Data excerpt ->
[Start of Attachment]

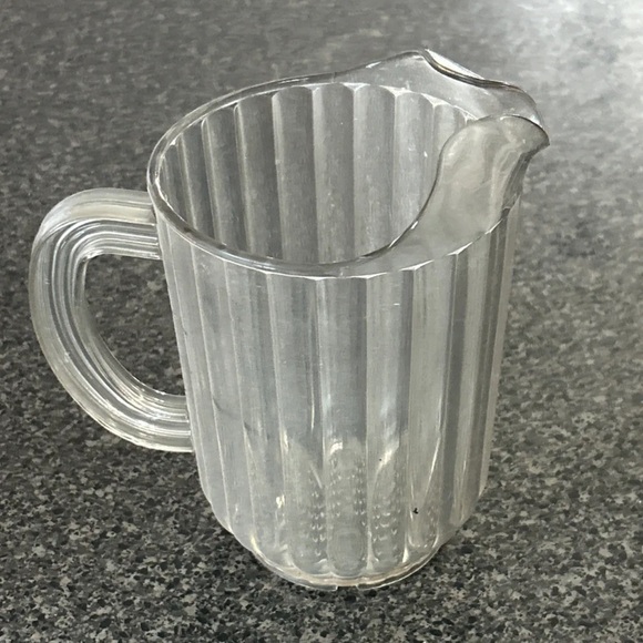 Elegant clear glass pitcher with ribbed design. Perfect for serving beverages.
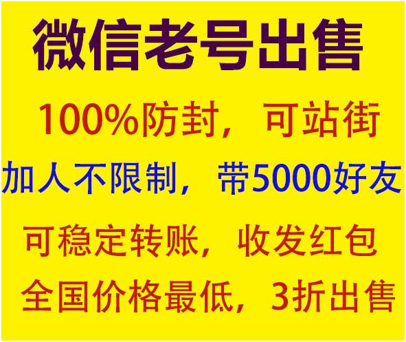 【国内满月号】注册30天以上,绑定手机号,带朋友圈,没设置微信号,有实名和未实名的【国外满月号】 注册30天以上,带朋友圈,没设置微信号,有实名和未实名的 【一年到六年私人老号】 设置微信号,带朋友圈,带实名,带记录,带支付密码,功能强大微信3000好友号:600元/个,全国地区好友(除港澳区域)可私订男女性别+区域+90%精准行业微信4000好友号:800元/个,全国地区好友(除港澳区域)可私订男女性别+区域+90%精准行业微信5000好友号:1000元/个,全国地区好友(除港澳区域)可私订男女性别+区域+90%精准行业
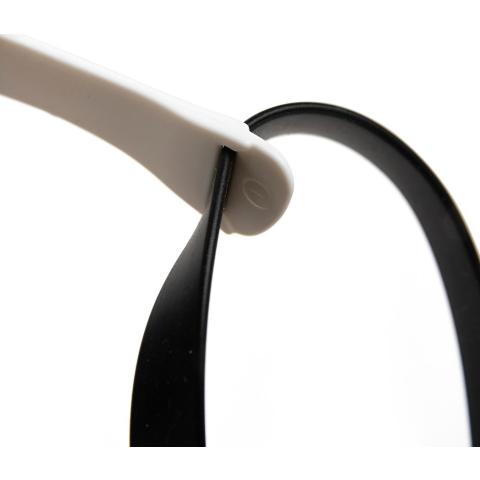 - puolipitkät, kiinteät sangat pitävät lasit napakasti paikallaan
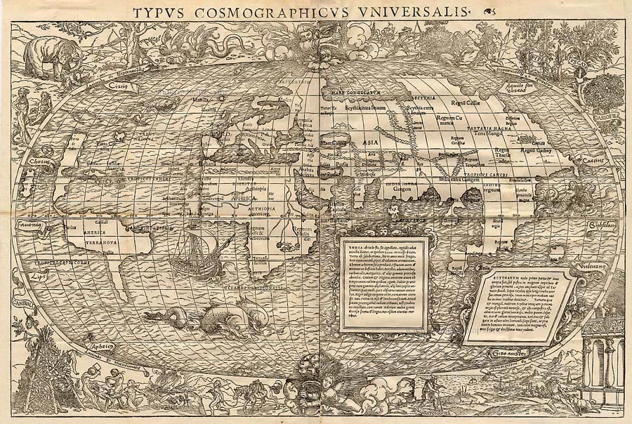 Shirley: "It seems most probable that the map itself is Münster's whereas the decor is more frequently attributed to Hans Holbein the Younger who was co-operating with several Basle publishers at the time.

[End of Attachment]

Your assignment -> Pictures excluded, quote all the data above exactly.

Result of this exercise ->
 Elegant clear glass pitcher with ribbed design. Perfect for serving beverages.
 【国内满月号】注册30天以上,绑定手机号,带朋友圈,没设置微信号,有实名和未实名的【国外满月号】 注册30天以上,带朋友圈,没设置微信号,有实名和未实名的 【一年到六年私人老号】 设置微信号,带朋友圈,带实名,带记录,带支付密码,功能强大微信3000好友号:600元/个,全国地区好友(除港澳区域)可私订男女性别+区域+90%精准行业微信4000好友号:800元/个,全国地区好友(除港澳区域)可私订男女性别+区域+90%精准行业微信5000好友号:1000元/个,全国地区好友(除港澳区域)可私订男女性别+区域+90%精准行业
 - puolipitkät, kiinteät sangat pitävät lasit napakasti paikallaan
 Shirley: "It seems most probable that the map itself is Münster's whereas the decor is more frequently attributed to Hans Holbein the Younger who was co-operating with several Basle publishers at the time.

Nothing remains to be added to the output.